WHAT TO DO -> Using the records that follow, reproduce exactly the lines starting at the line containing "Completo bimbo composto" and ending at the line containing "48 sq m room". Include both end lines and no pictures.

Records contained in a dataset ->
▬▬▬▬▬▬▬▬▬▬

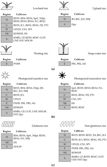 | No. | Rice Cultivar | Abbreviation | Location of Rice Research Center |
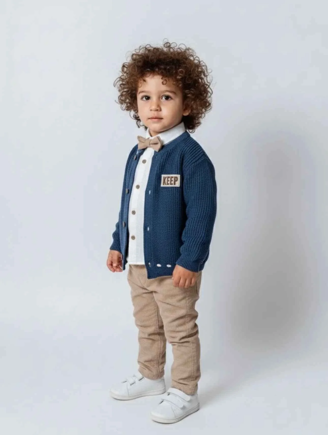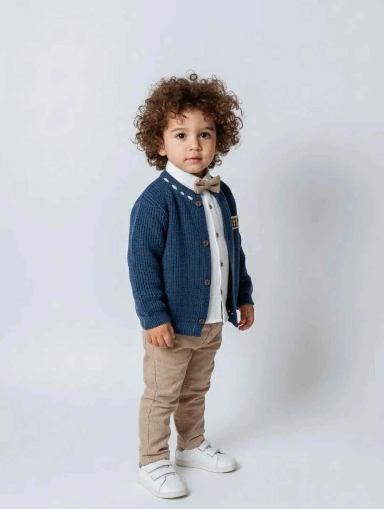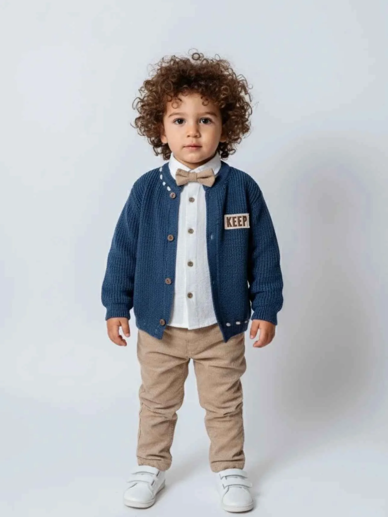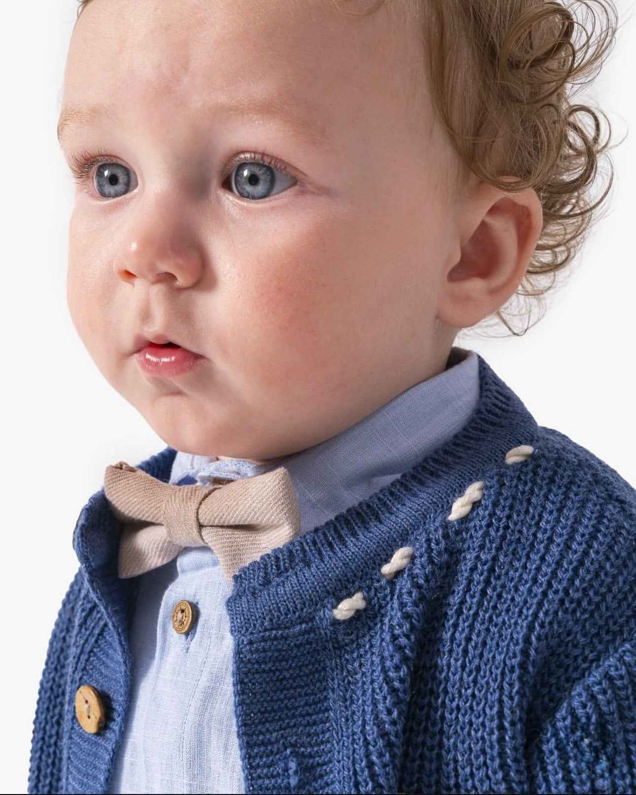 Completo bimbo composto da camicia in cotone con papillon coordinato al pantalone, cardigan in lana e pantalone. โ๏ธ Camicia celeste con papillon coordinato al pantalone โ๏ธ Cardigan blu con bottoni in legno e patch ricamata โ๏ธ Pantaloni beige dal taglio moderno
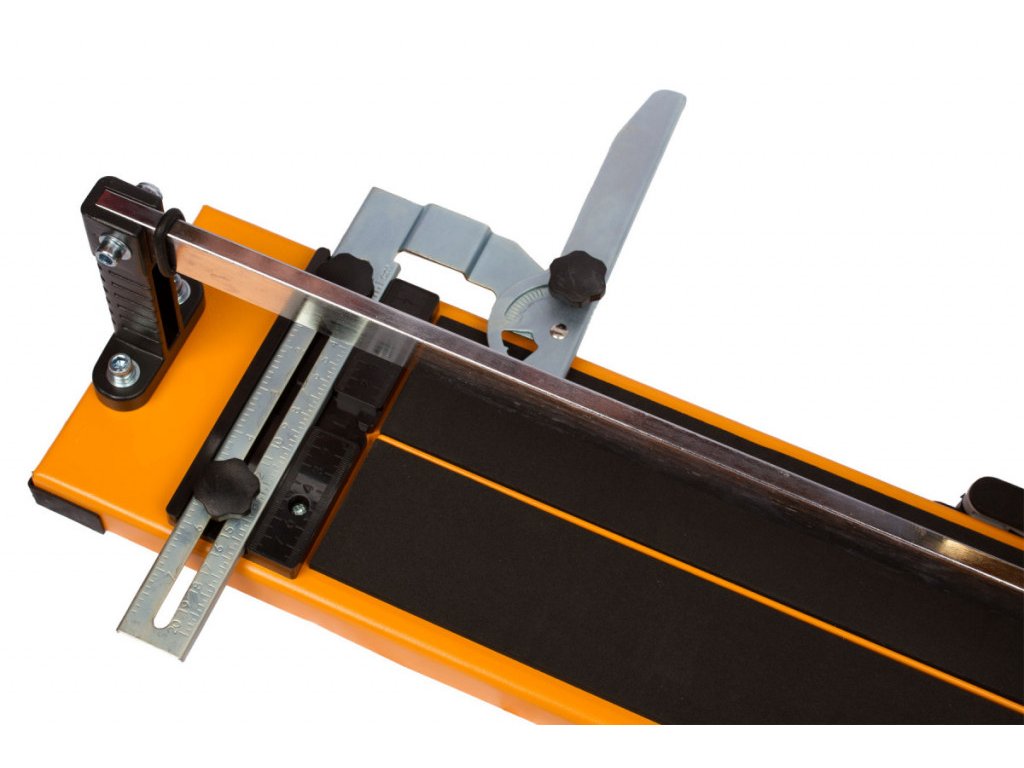 Dosedací plocha je ošetřena molitanem, který zabraňuje posunu dlaždice při řezání a zabraňuje tak možnému poškrabání, nebo nepřesnému provedení řezu. Pevná ocelová kolejnice je zárukou stability pro provedení přesného a rovného řezu. Posuv řezné hlavy je zajištěn kuličkovými ložisky. Práci Vám usnadní i zabudované plastové měřítko.
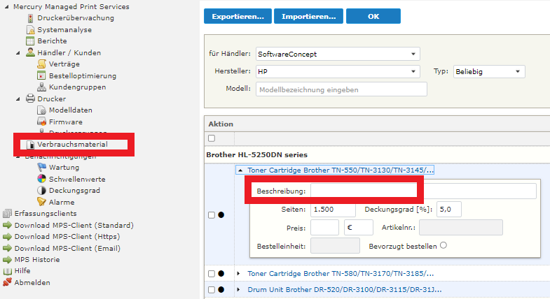 Damit Concept Office mit den Bestellungen umgehen kann, muss an jedem Verbrauchsmaterial eine CO-Artikelnummer hinterlegt werden.
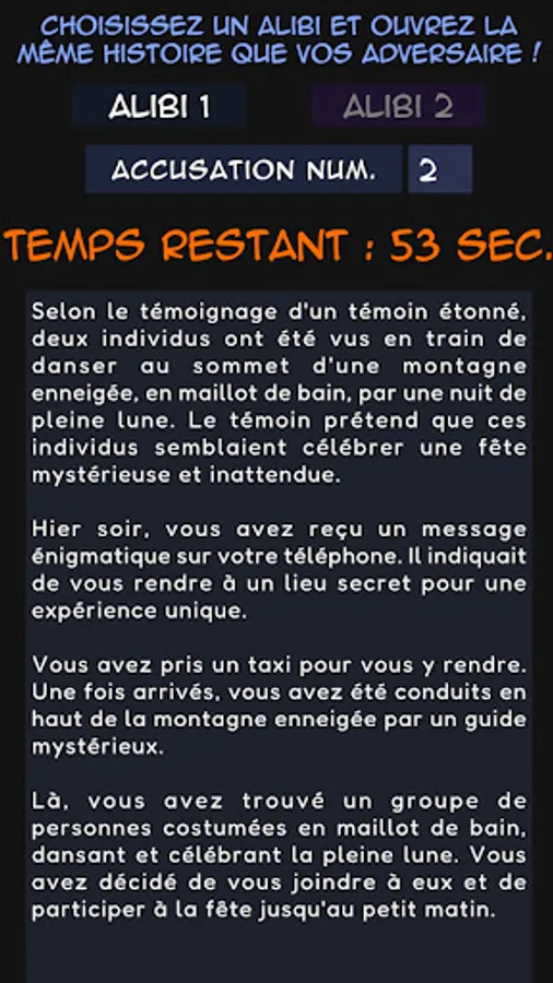 Dans ce jeu, vous avez un alibi a apprendre avec votre partenaire, et devez le restituer aux enquêteurs pour ne pas finir en prison !
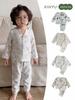 Conjunto de Roupa de Casa Infantil de Primavera e Outono Classe a Algodão de Bambu Dupla Camada Meninos e Meninas Gaze Roupa de Ar Condicionado Pijama Bonito para Bebê
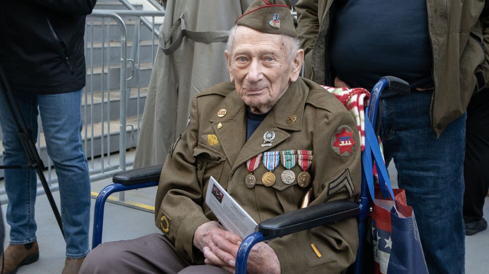 Bob Holbach, 98, who lives near Irving and Pulaski on the Northwest Side, served in World War II.
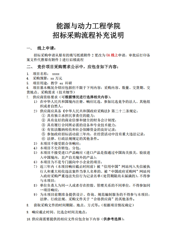 能源与动力工程学院招标采购流程补充说明
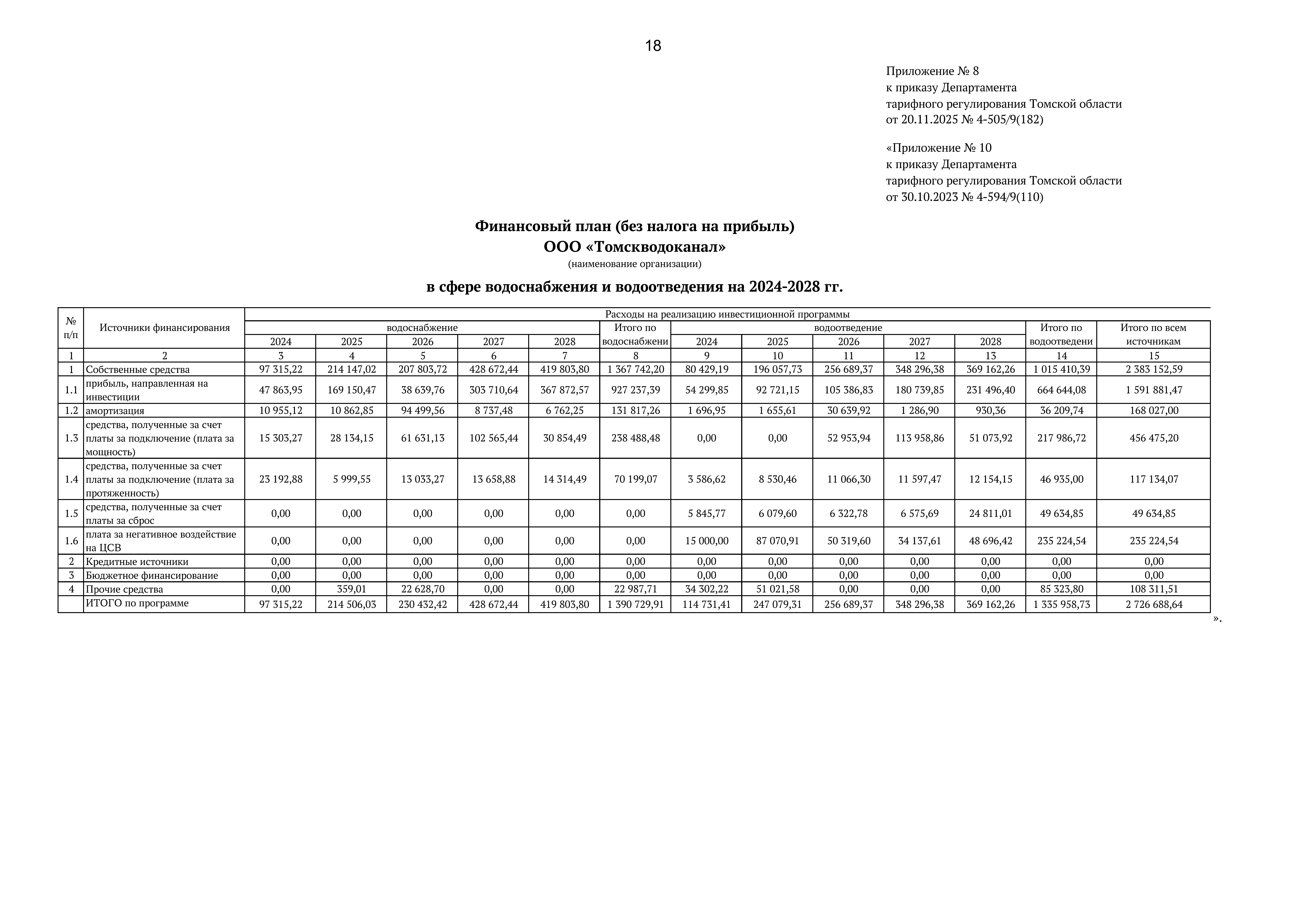 Приказ Департамента тарифного регулирования Томской области от 20.11.2025 № 4-505/9(182)
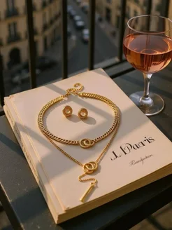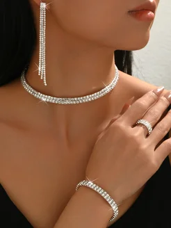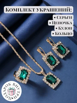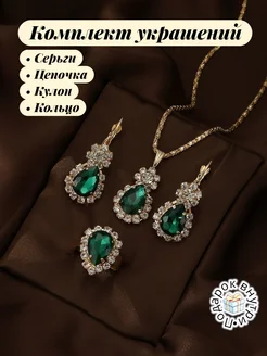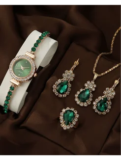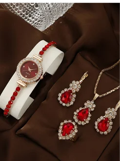 Комплект серьги+кулон +цепочка +кольцо+часы
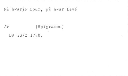På hwarje Cour, på hwar Leve' //// Av (Epigramme) //// DA 23/2 1780.
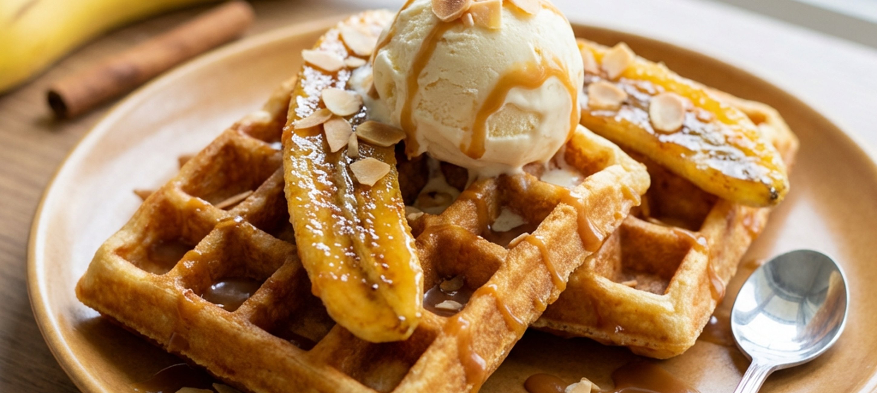 - 6Vafle položte na talíře, přidejte zkaramelizované kousky banánů a navrch dejte kopeček vanilkové zmrzliny Carte D'Or
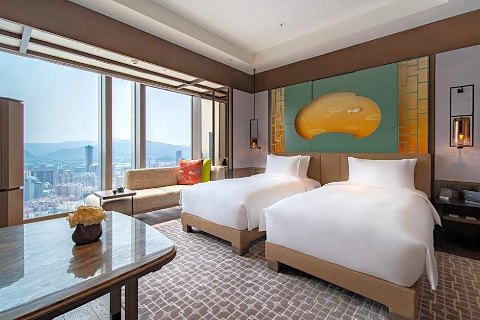48 sq m room fitted with floor-to-ceiling windows and panoramic views of the Shenzhen skyline, it features twin beds, distinct dressing zone separated by French sliding doors. The hotel guestrooms epitomize functional luxury, providing sophisticated residential comfort away from the demands of urban life. Enjoy complimentary soft drinks from the mini-bar on the first day of each stay;
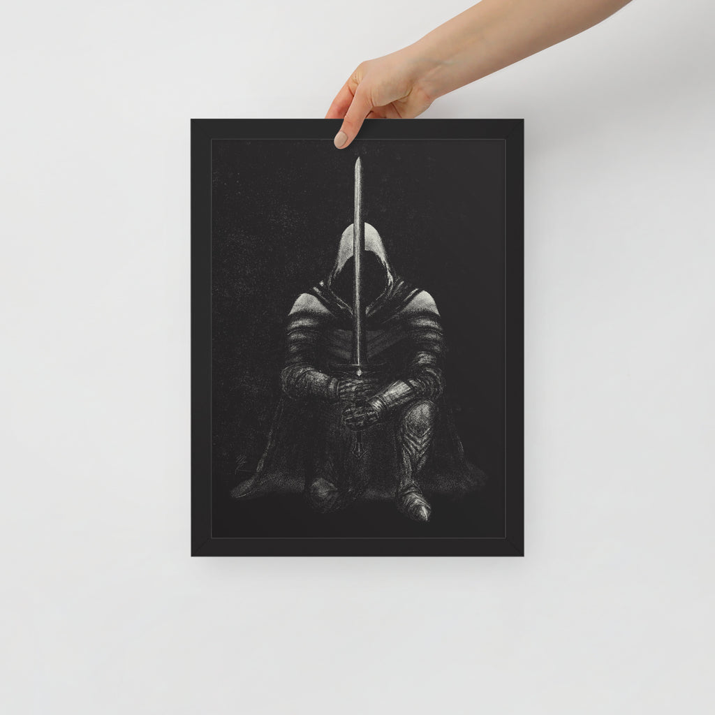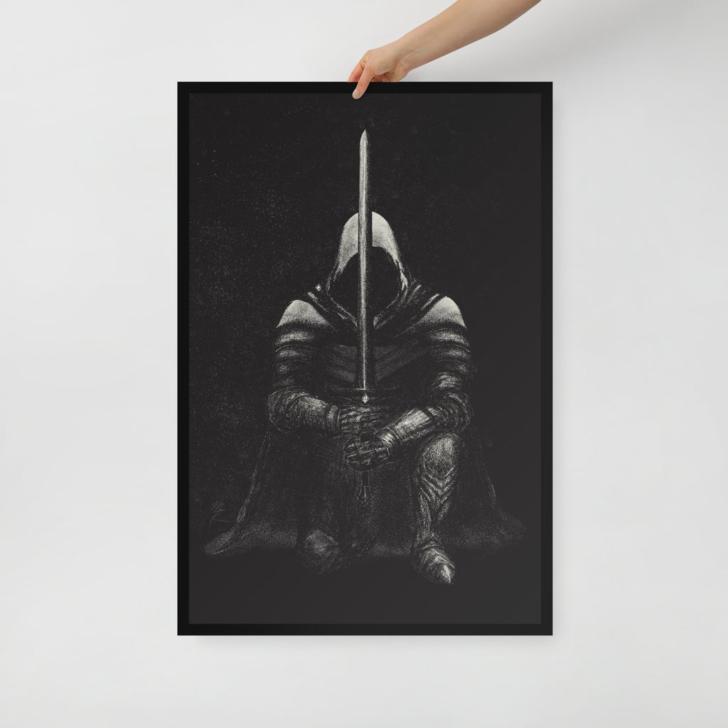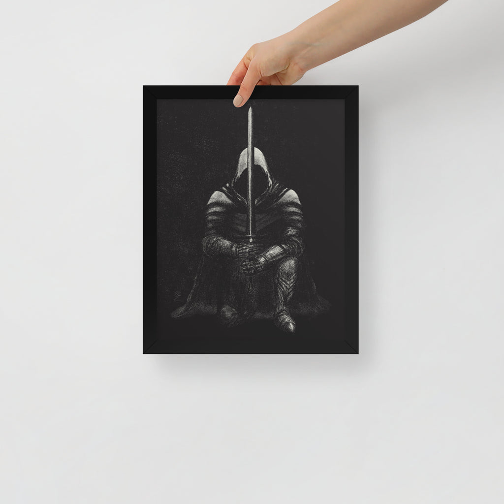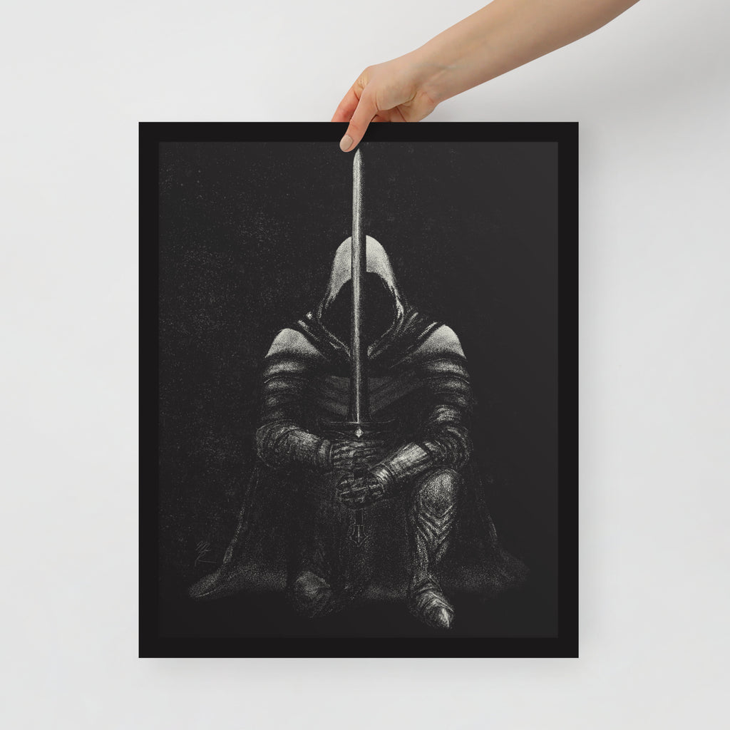 This framed poster art print of "Sworn" by Maggie Robison is printed on high-quality paper, with a partly glossy, partly matte finish. "Sworn" is a hand-drawn stipple piece that has become the core for the first collection of The West Keep.

▬▬▬▬▬▬▬▬▬▬

EXERCISE ANSWER ->
 Completo bimbo composto da camicia in cotone con papillon coordinato al pantalone, cardigan in lana e pantalone. โ๏ธ Camicia celeste con papillon coordinato al pantalone โ๏ธ Cardigan blu con bottoni in legno e patch ricamata โ๏ธ Pantaloni beige dal taglio moderno
 Dosedací plocha je ošetřena molitanem, který zabraňuje posunu dlaždice při řezání a zabraňuje tak možnému poškrabání, nebo nepřesnému provedení řezu. Pevná ocelová kolejnice je zárukou stability pro provedení přesného a rovného řezu. Posuv řezné hlavy je zajištěn kuličkovými ložisky. Práci Vám usnadní i zabudované plastové měřítko.
 Damit Concept Office mit den Bestellungen umgehen kann, muss an jedem Verbrauchsmaterial eine CO-Artikelnummer hinterlegt werden.
 Dans ce jeu, vous avez un alibi a apprendre avec votre partenaire, et devez le restituer aux enquêteurs pour ne pas finir en prison !
 Conjunto de Roupa de Casa Infantil de Primavera e Outono Classe a Algodão de Bambu Dupla Camada Meninos e Meninas Gaze Roupa de Ar Condicionado Pijama Bonito para Bebê
 Bob Holbach, 98, who lives near Irving and Pulaski on the Northwest Side, served in World War II.
 能源与动力工程学院招标采购流程补充说明
 Приказ Департамента тарифного регулирования Томской области от 20.11.2025 № 4-505/9(182)
 Комплект серьги+кулон +цепочка +кольцо+часы
På hwarje Cour, på hwar Leve' //// Av (Epigramme) //// DA 23/2 1780.
 - 6Vafle položte na talíře, přidejte zkaramelizované kousky banánů a navrch dejte kopeček vanilkové zmrzliny Carte D'Or
48 sq m room fitted with floor-to-ceiling windows and panoramic views of the Shenzhen skyline, it features twin beds, distinct dressing zone separated by French sliding doors. The hotel guestrooms epitomize functional luxury, providing sophisticated residential comfort away from the demands of urban life. Enjoy complimentary soft drinks from the mini-bar on the first day of each stay;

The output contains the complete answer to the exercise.